(Dataset excerpts)
BEGIN

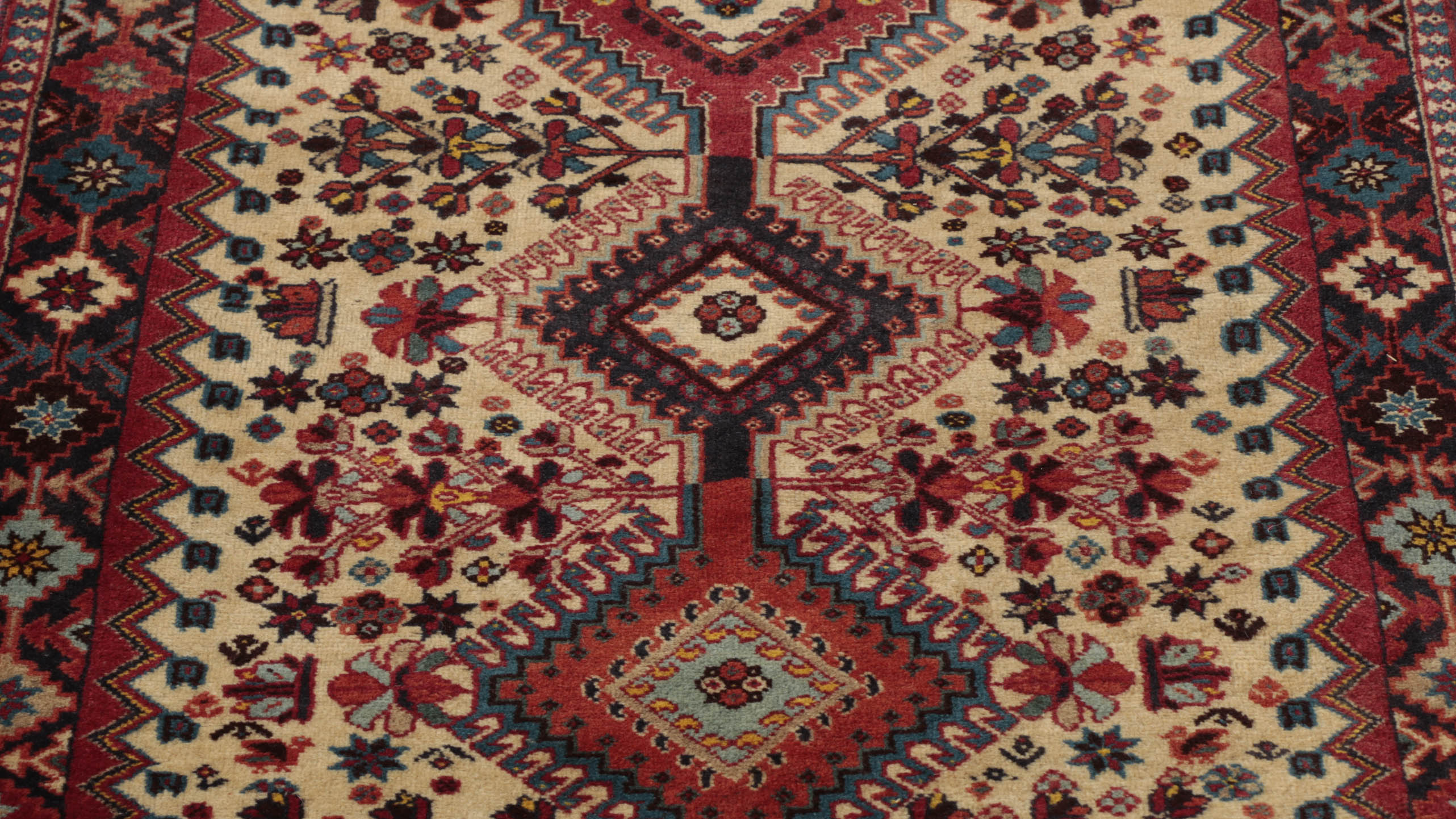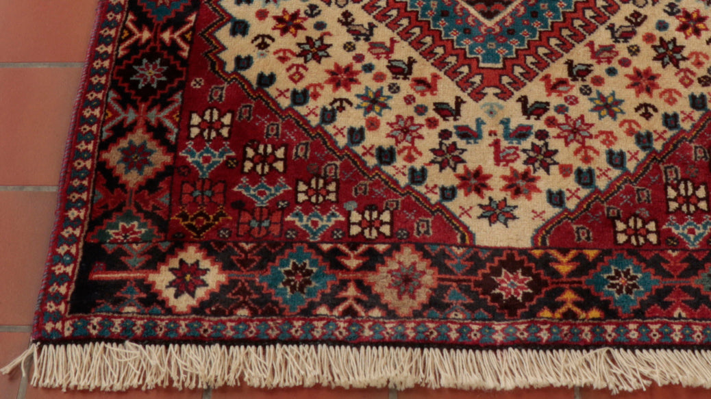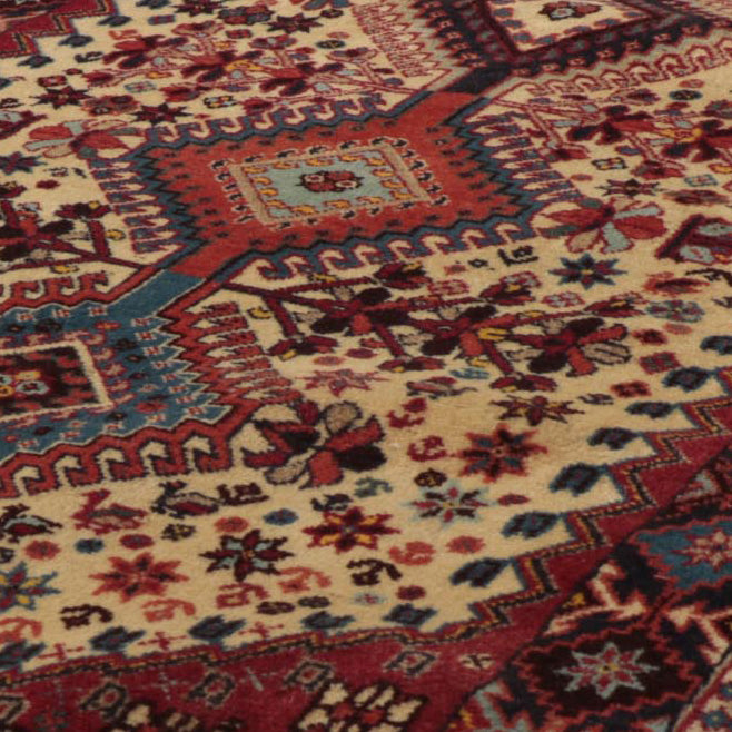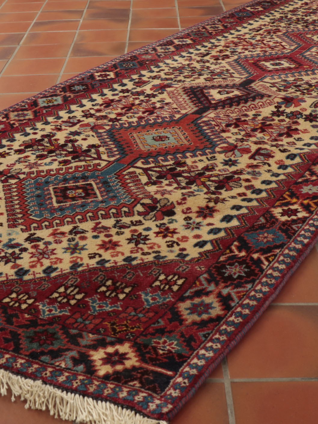 Using terracotta or rust colourings with different shades of blue and cream, Persian Yallameh rugs are always made with a distinctive hooked diamond design. Unfortunately, this lovely village piece is becoming harder to find—the geometric designs, with their dogtooth-shaped outer contrast, superbly complement the delightful floral images. Two shades of blue, in particular, make this rug very appealing to me. I hope you love it as much as I do.
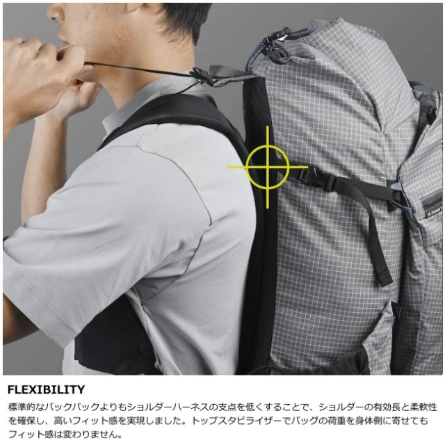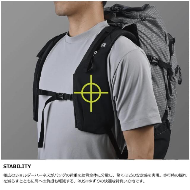 アルパインザックのような細身のシルエットを基本にしながら、肩甲骨の周辺にボリュームを持たせることで荷重バランスを最適化しています。
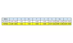 JIS SKD11規格適合の従来材と同条件で比較でき、品質を担保したままコストの最適化が可能に。
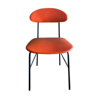 Designer armchair in black metal and blue fabric. 1980s. Very comfortable. Some signs of wear (rust) on the structure.
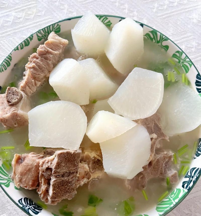 - 放入白萝卜块和红枣,继续炖煮20-30分钟,直到萝卜变软糯、入口即化。
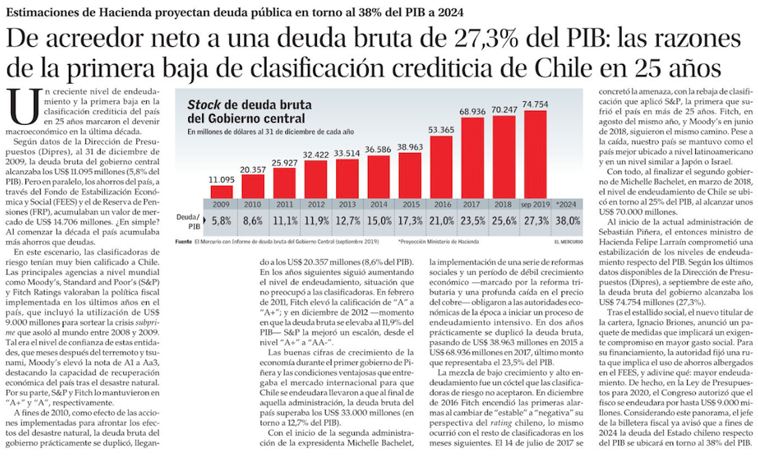 Dipres: deuda pública alcanza a 27,3% del PIB y déficit fiscal efectivo llega a 1,7% a noviembre - (Pulso)
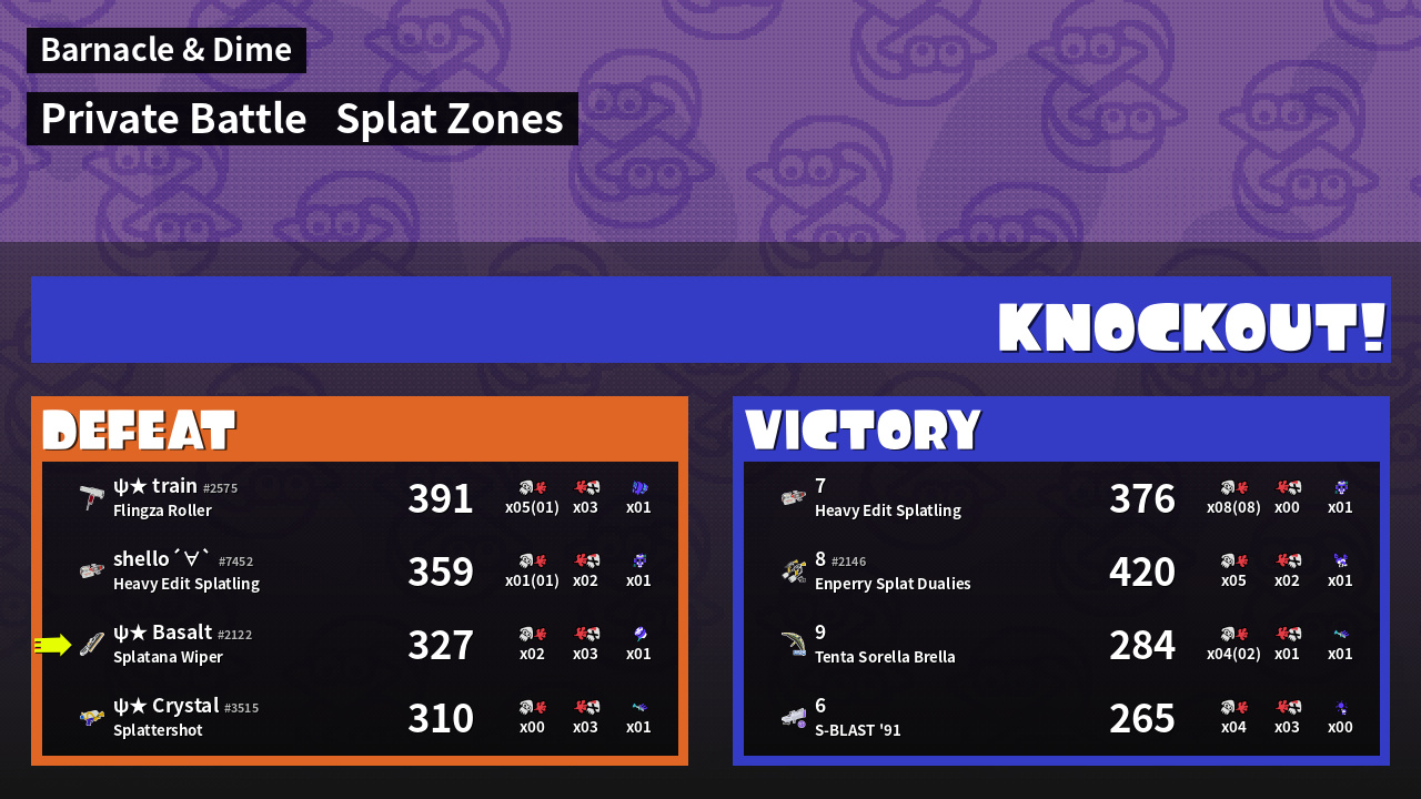 | Medals | #1 Splat Zone Inker #1 Damage Taker #1 Ink Consumer | ||
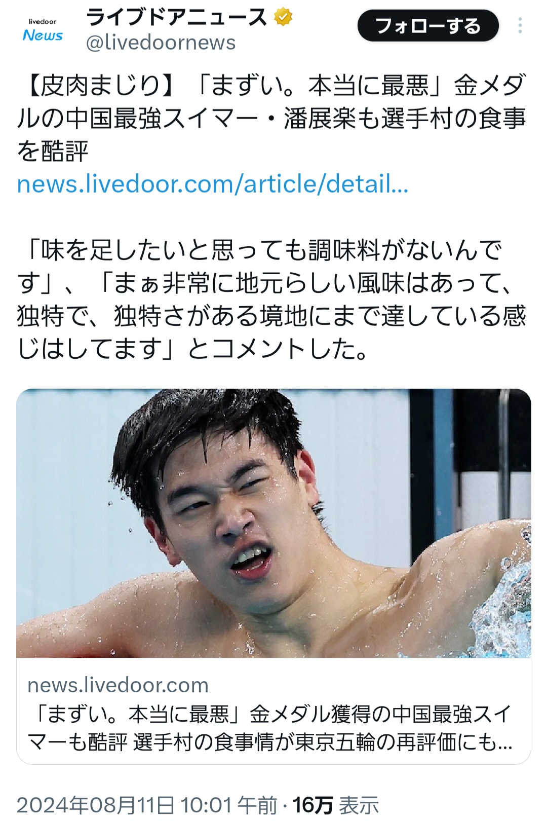 | … | 163無念Nameとしあき26/02/18(水)12:25:37No.1388229467+パリ五輪の食事はイギリスやドイツの選手ですらマズくて食えたもんじゃないって言ってたぐらいなんで・・・ |

END

_HOW TO COMPLETE THIS TASK_: Copy only the lines above from the one containing "アルパインザックのような細身" through the one containing "- 放入白萝卜块和红枣,继续炖煮20-30分钟,直到萝卜变软糯、入口即化。", both included. Leave out the pictures.

_REPLY_:
 アルパインザックのような細身のシルエットを基本にしながら、肩甲骨の周辺にボリュームを持たせることで荷重バランスを最適化しています。
 JIS SKD11規格適合の従来材と同条件で比較でき、品質を担保したままコストの最適化が可能に。
 Designer armchair in black metal and blue fabric. 1980s. Very comfortable. Some signs of wear (rust) on the structure.
 - 放入白萝卜块和红枣,继续炖煮20-30分钟,直到萝卜变软糯、入口即化。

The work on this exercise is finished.